Home Education Magazine
November-December 1997 - Columns
Talk About Learning - Earl Gary Stevens
Time for a New Journey
This is my final "Talk About Learning" column. I have enjoyed your company so much. When friends part they may say, "See you later," instead of "Goodbye," and then after a hug and a smile go about their business pretty sure they'll bump into each other again sometime soon. I've been happy here for many years, but it has come time for me to go about my business. I will hope to bump into you again sometime soon.
I'm also going to be less of a volunteer and more of a visitor in the Southern Maine Home Education Support Network which Eileen Yoder and I founded so many years ago. Many of you know about our activities. I have written about our Family Baseball games, contradances, craft fairs, variety shows, evening discussions and more. Our group is a harmonious free market of ideas and energy which requires neither consensus nor authority to find expression, and this concept of group dynamics has sparked lots of mail from readers.
Over the years my column and my thinking about home education and family life have been inspired by the families in our support group and by many conversations with Eileen, whose cheerful wisdom has touched all of us. I'm thankful to her family and to many other SMHESN families for what I have experienced and learned, and to Mark and Helen for inviting me to share it with you in the pages of Home Education Magazine.
I am retiring from my column and from support group responsibilities because I have been engaged in both for such a long time, and now I feel a need to refresh my spirit and to seek new horizons. When my son Jamie was little and I was first reading John Holt I didn't have an inkling that I would become a perennial volunteer and spend more than a decade speaking and writing about my experiences.
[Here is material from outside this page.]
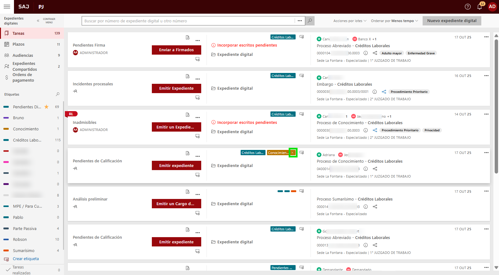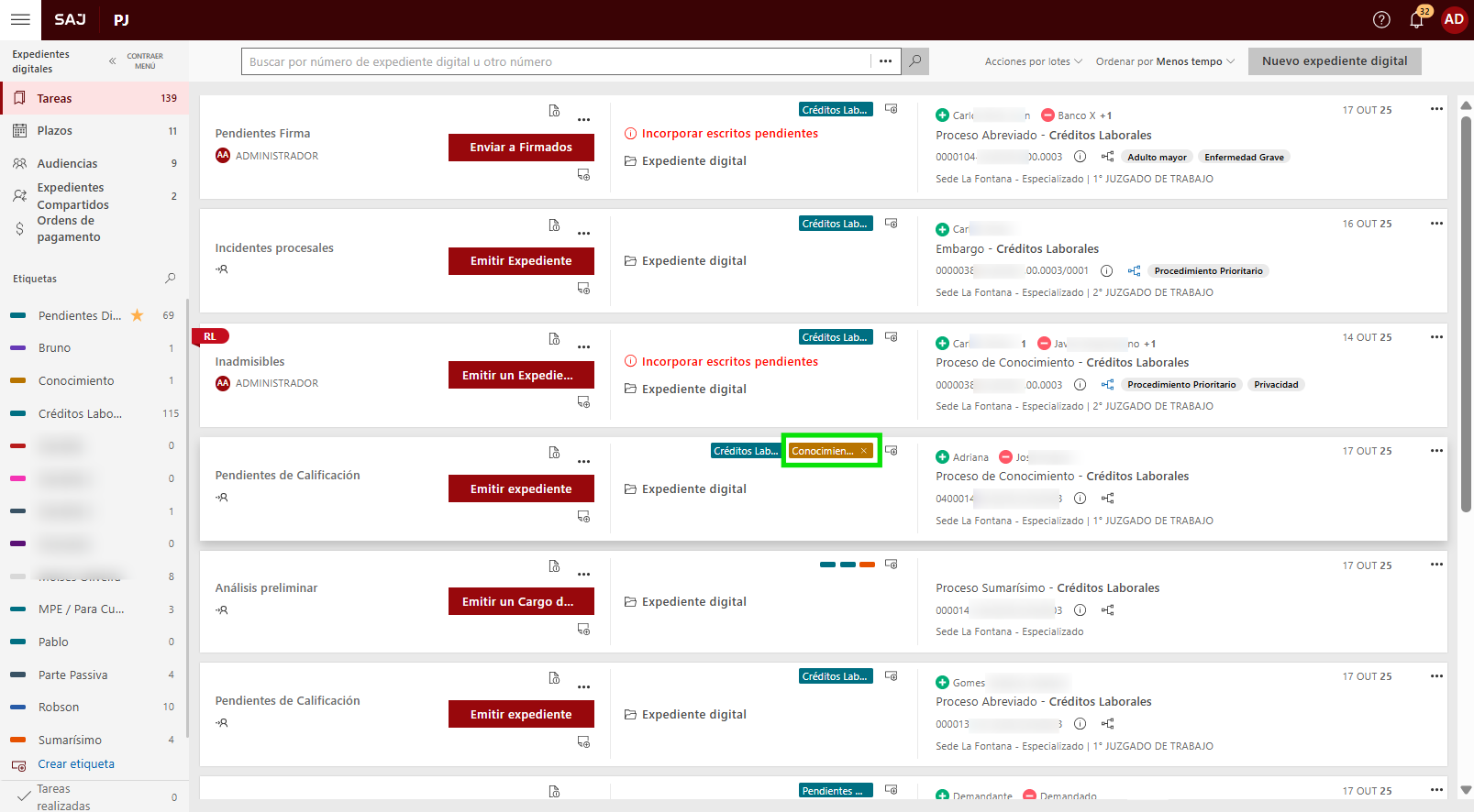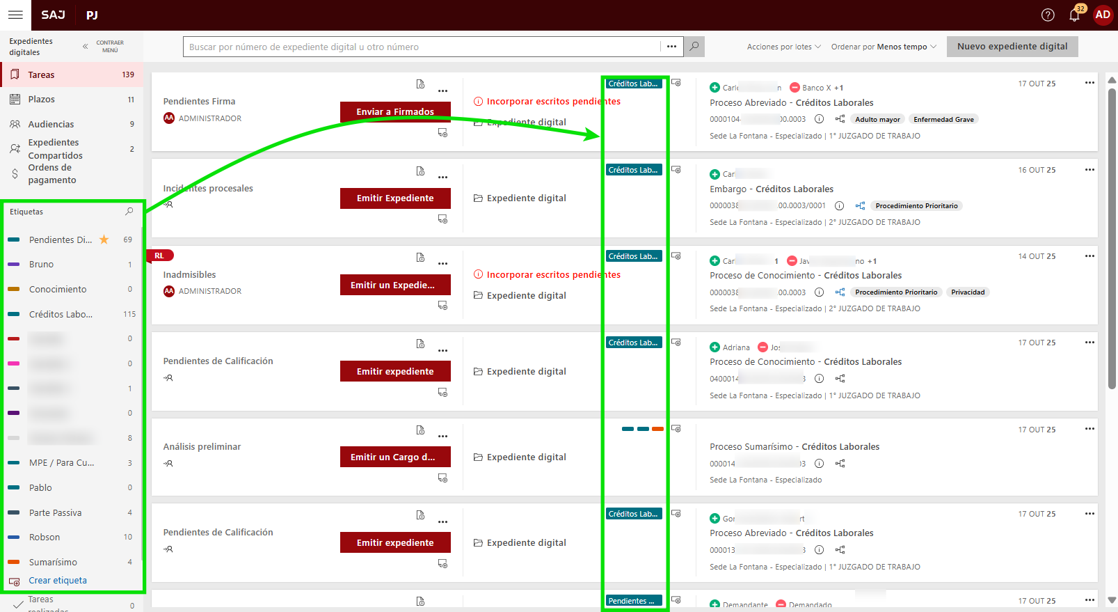 En el Panel de Tareas, haga clic en la etiqueta que desea consultar los expedientes. El sistema identificará todos los expedientes vinculados a la etiqueta seleccionada y los listará en la parte central de la pantalla.

It has been a long journey, and along the way I have learned so much from others, especially from children, especially from my own child.
I began as a former high school teacher with the impression that home education was about me being the teacher and my child being the student. But I soon learned that those roles didn't apply to us. The world abounds in knowledge, and all one need do is reach for it and feast along the way, without fuss or anxiety. For me the adventure turned out to be my relationship with my child and my discovery that the truly important qualities for leading the good life could not be taught, only respected and nurtured.
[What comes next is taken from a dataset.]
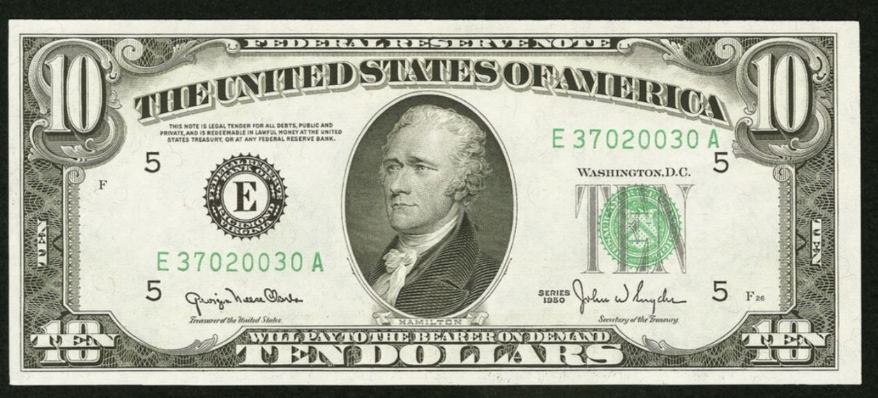 One 1950D $10 Wide Federal Reserve Note.

As I watch Jamie and the other older kids in our support group grow into adulthood they seem free of the anxiety and turmoil and angst typical of their years. Just as younger kids in our group sometimes forget their own ages because age is rarely a limitation for them, likewise the age of 18 is not a crisis point for those who are already in charge of their own lives and are fully engaged in the world around them. I hope to always keep in touch with these delightful young men and women.
Meanwhile our support network continues to be renewed through the needs and energies of new participants. As usual this fall many families have arrived among us seeking information and support. They are so grateful for the old-timers who attend evening discussions to share stories about family life and to offer encouragement. Part of the reward for them and for me is in seeing that light come on when a mother says to herself, "I can do this." I'll always be available to help spark that light in anyone who looks to me for it.
In Maine we are sometimes referred to as "the unschooling group" because many of our most active volunteers practice an independent learning philosophy at one level or another. But our members engage in a wide range of approaches to home education. Some families among us follow the school model and use an academic curriculum; others plot a course somewhere in the middle. There is never any debate around this because we come together to work at things and to play and to enjoy each other, not to quibble about how we spend our time or what we believe in.
However, there is tremendous social pressure for people to conform to the practices of conventional schooling even while engaged in home education, so I think it is extremely important to help parents learn about alternatives. While the schooling approach may work for some families it is counterproductive, to say the least, for others, and parents should know that after escaping the school they may also leave the schooling behind as well. It is possible and desirable for children to grow up chasing knowledge instead of being chased by it, and I have worked happily for many years delivering that message.
Now I'm going to take time out to reflect and to do some thinking and writing about topics still unchosen. While I'm at it I may look to see if there are some stories and poems inside me too. In between fixing and painting around the house I'm going to reread some of those great books that I hurried through in my youth and see what I think about them now.
I'll miss you. Send a postcard when you can, and let me know how you're doing. I'll be back to say hello and chat when I'm in the neighborhood.
© 1997 Earl Gary Stevens
[Editors' Note: Earl has been writing this column almost as long as we've been publishing this magazine, and we'll sorely miss his thoughtful wisdom and warm humor. We wish him boundless good fishing and freedom from pesky deadlines.]